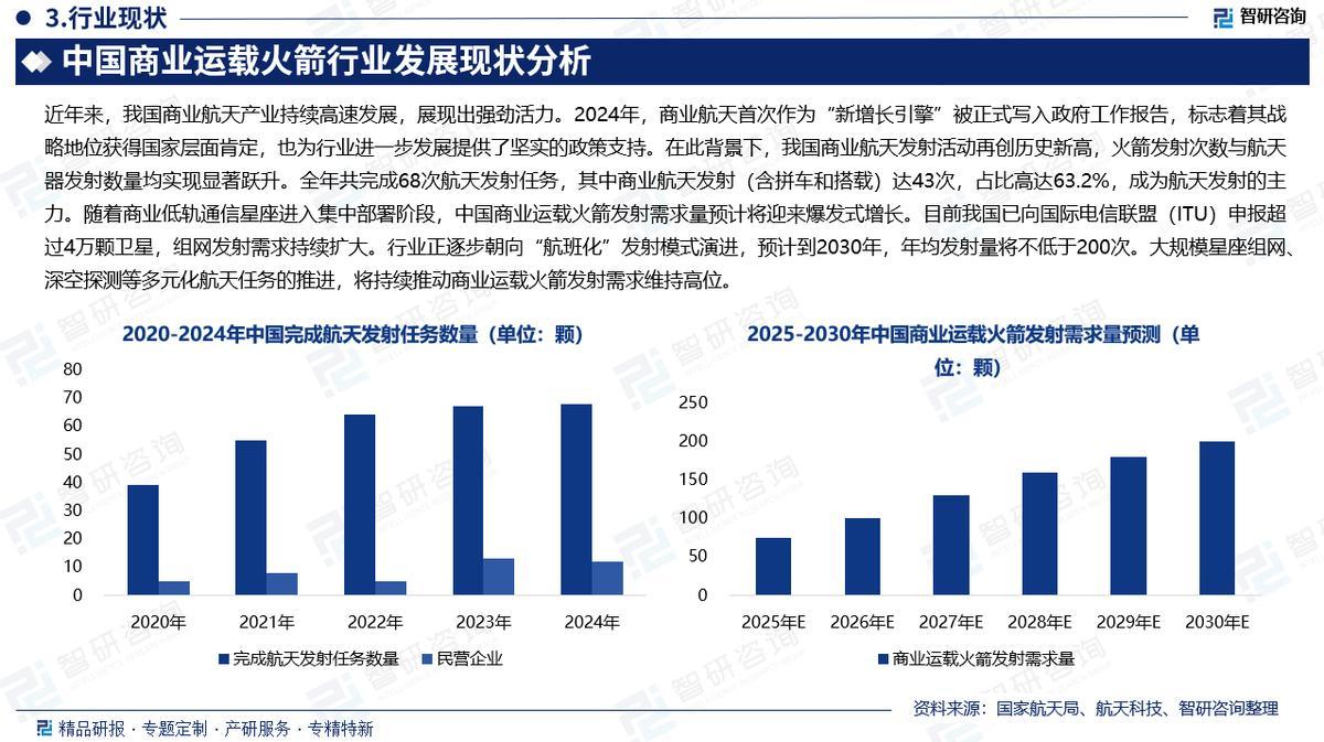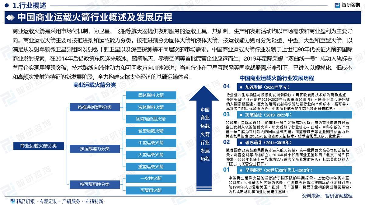 行业概述:商业运载火箭是采用市场化机制,为卫星、飞船等航天器提供发射服务的运载工具,其研制、生产和发射活动均以市场需求和商业盈利为主要导向。根据国家国防科工局及军委装备发展部联合发布的《关于促进商业运载火箭规范有序发展的通知》,商业发射的定义为企业通过自有资金、社会资本或合资合营等模式,按照国家安全监管要求和市场运作机制,实施的运载火箭相关研制生产及以盈利为目的的航天发射等行为。
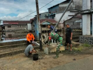 Lamandau – Sebelum memulai rangkaian kegiatan harian dalam program TNI Manunggal Membangun Desa (TMMD) Reguler ke-125, Pasi Ter Kodim 1017/Lamandau Kapten Inf Eko Yunianto mengambil apel pagi di halaman Kantor Desa Batu Kotam, Sabtu(26/07/25).
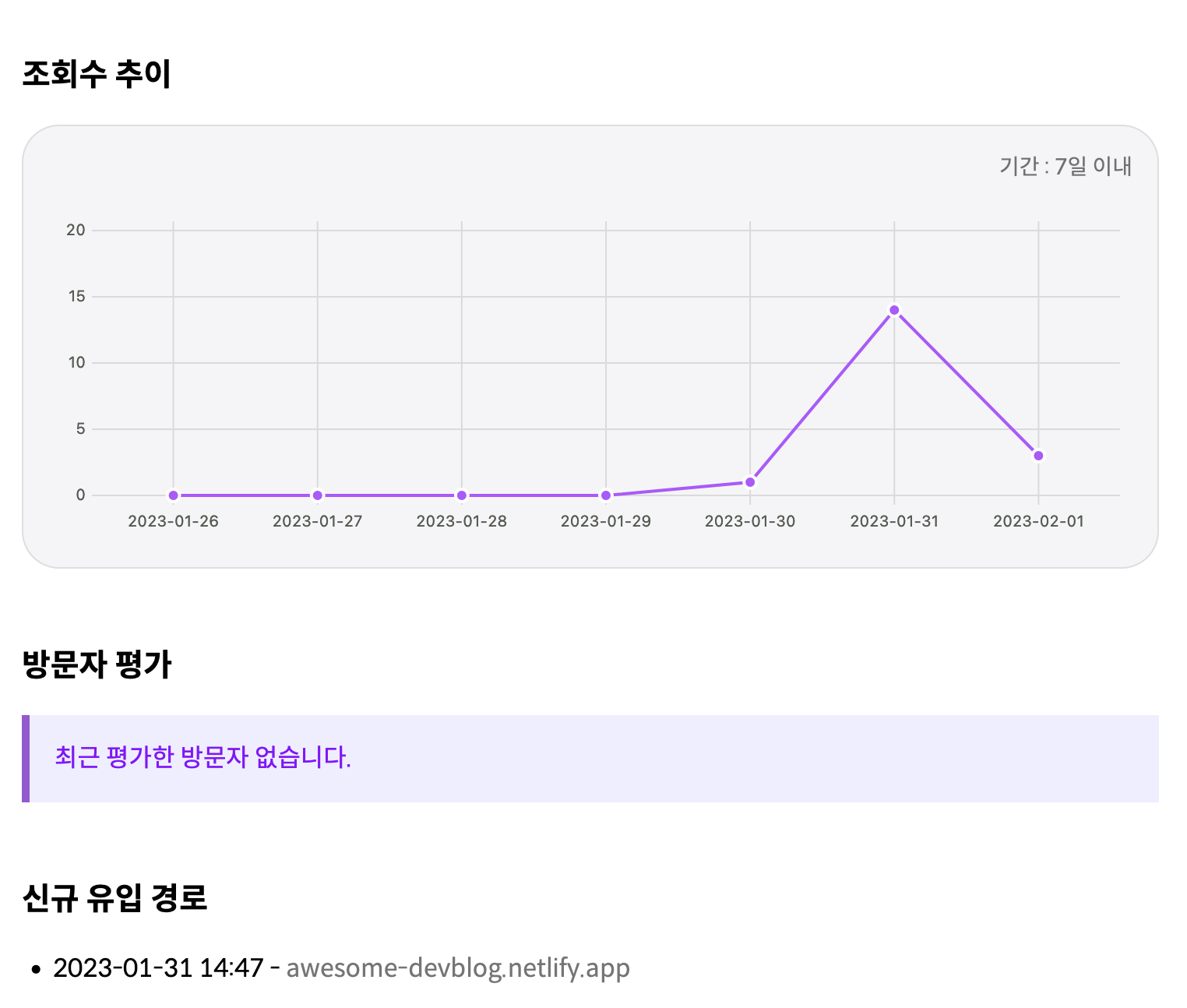 포스트 분석은 포스트 관리 페이지에서만 확인이 가능했는데요. 다양한 곳에서 이동하여 확인할 수 있도록 페이지로 분리하였습니다. 페이지 내부에서는 조회수 추이, 방문자 평가, 유입 경로 등을 확인할 수 있습니다.
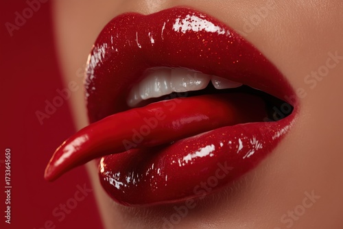 red lips, chili pepper, sensual, closeup, glossy, lip, spicey, spice, beauty treatment, red fruit, food photography, lipstick, beauty, make-up, bold, tempting, cosmetic, aesthetic, alluring, provocative, expressive, inviting, flavorful, delicious, enticing, mouth, texture, detail, close, vibrant, dynamic, taste, edible, hot, smooth
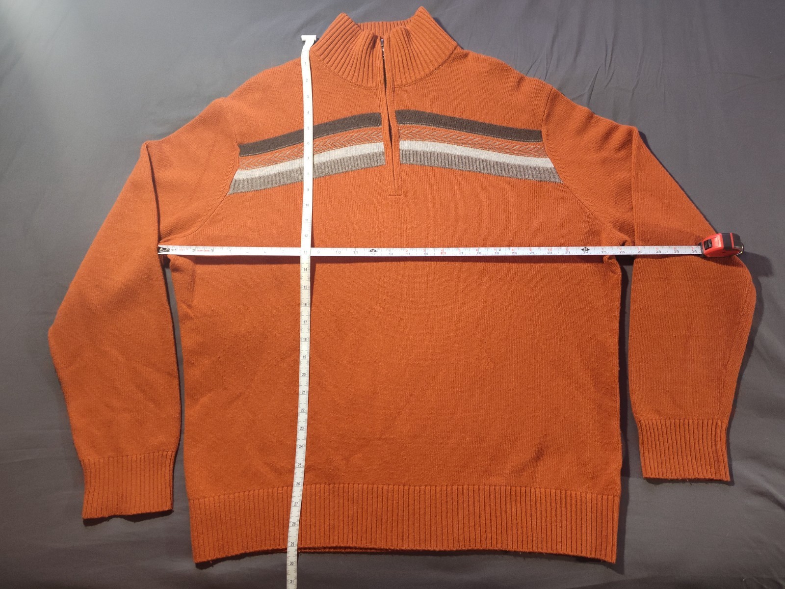 Banana Republic Men's XL Quarter Zip Sweater Orange Striped Italian Yarn Pullove
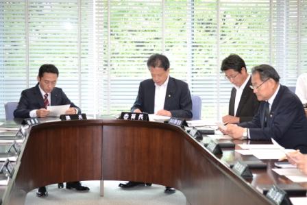 風間議長より、今回の災害をかんがみ、知事からの要請もあり、本日と1日の2日間延期し、各派代表質問は、10月2日3日としたい旨お話がありました、協議に結果そのように決定致しました。 議長より、議事日程通知書が各議員に配布され、開議の日時は平成26年10月2日午前10時再開となりました。
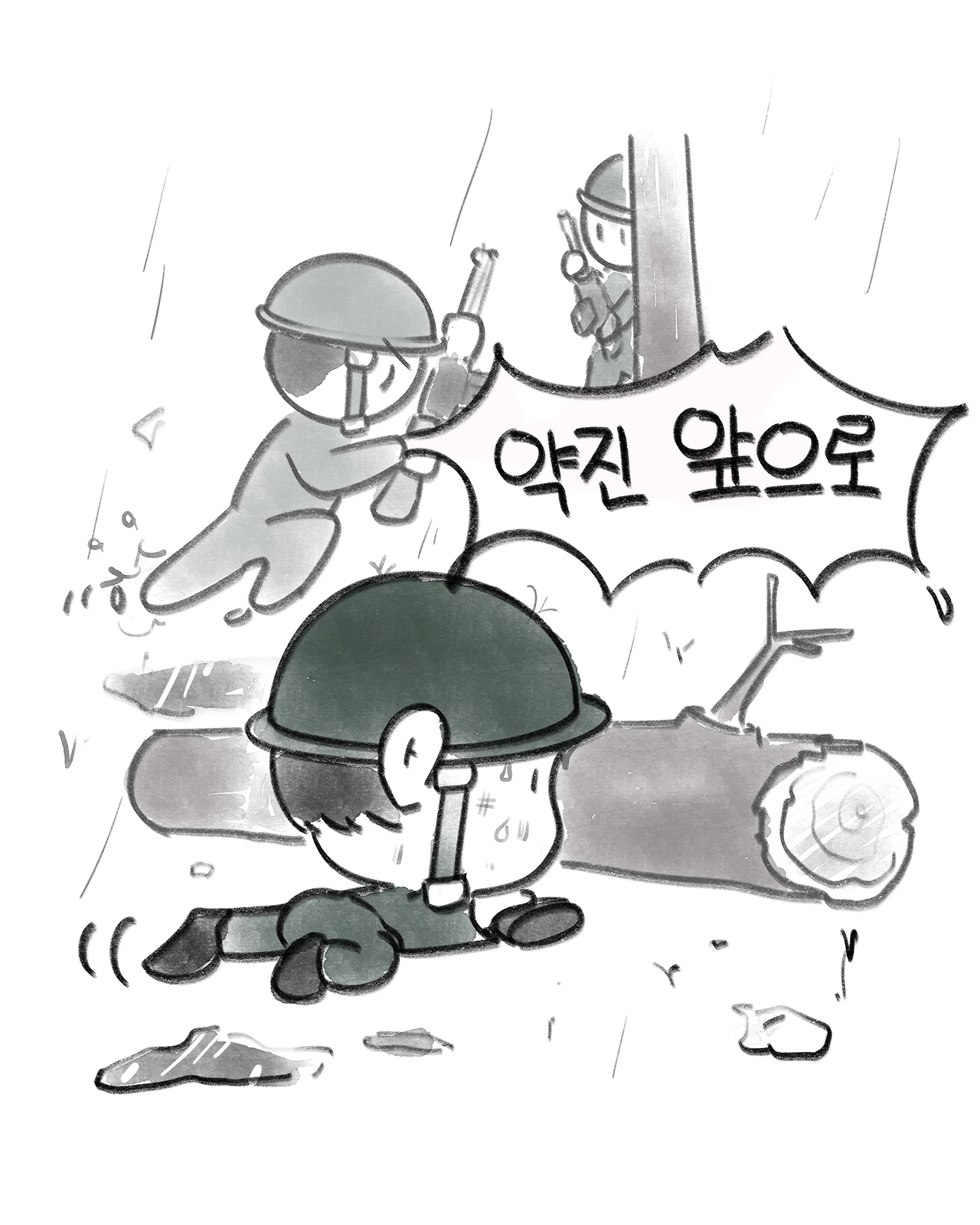 호령과 함께 소총을 들고 달렸다. 낮은 포복, 높은 포복, 응용 포복. 온몸이 흙탕물에 젖고 입 안엔 모래가 씹혔다.
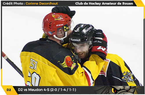 05'25, 1-0, Rouen (2) : Nicolas Plaquevent (Matti Barin) 10'35, 2-0, Rouen (2) : Arthur Nadaux (Alexandre Sucré, Robin Rabl) 21'40, 2-1, Meudon : Benjamin Brault (Dimitri Juan) 30'29, 2-2, Meudon : Didzis Jansons (Jimmy Paradis, Yohann Guilhem) 33'43, 2-3, Meudon : Benjamin Brault (Filip Vychodil) 35'33, 3-3, Rouen (2) : Brieuc Houeix (Lévy Raux) 36'27, 3-4, Meudon : Aymeric Millet (Didzis Jansons) 41'03, 3-5, Meudon : Jimmy Paradis (Didzis Jansons) 52'31, 4-5, Rouen (2) : David Fritz-Dreyssé (Enzo Cantagallo, Julien Msumbu) |
□ □ □
(What needs to be done): Pictures excluded, print only the lines from the one with "red lips, chili" through the end of the entries above, exactly as written.

(Answer):
 red lips, chili pepper, sensual, closeup, glossy, lip, spicey, spice, beauty treatment, red fruit, food photography, lipstick, beauty, make-up, bold, tempting, cosmetic, aesthetic, alluring, provocative, expressive, inviting, flavorful, delicious, enticing, mouth, texture, detail, close, vibrant, dynamic, taste, edible, hot, smooth
 Banana Republic Men's XL Quarter Zip Sweater Orange Striped Italian Yarn Pullove
 風間議長より、今回の災害をかんがみ、知事からの要請もあり、本日と1日の2日間延期し、各派代表質問は、10月2日3日としたい旨お話がありました、協議に結果そのように決定致しました。 議長より、議事日程通知書が各議員に配布され、開議の日時は平成26年10月2日午前10時再開となりました。
 호령과 함께 소총을 들고 달렸다. 낮은 포복, 높은 포복, 응용 포복. 온몸이 흙탕물에 젖고 입 안엔 모래가 씹혔다.
 05'25, 1-0, Rouen (2) : Nicolas Plaquevent (Matti Barin) 10'35, 2-0, Rouen (2) : Arthur Nadaux (Alexandre Sucré, Robin Rabl) 21'40, 2-1, Meudon : Benjamin Brault (Dimitri Juan) 30'29, 2-2, Meudon : Didzis Jansons (Jimmy Paradis, Yohann Guilhem) 33'43, 2-3, Meudon : Benjamin Brault (Filip Vychodil) 35'33, 3-3, Rouen (2) : Brieuc Houeix (Lévy Raux) 36'27, 3-4, Meudon : Aymeric Millet (Didzis Jansons) 41'03, 3-5, Meudon : Jimmy Paradis (Didzis Jansons) 52'31, 4-5, Rouen (2) : David Fritz-Dreyssé (Enzo Cantagallo, Julien Msumbu) |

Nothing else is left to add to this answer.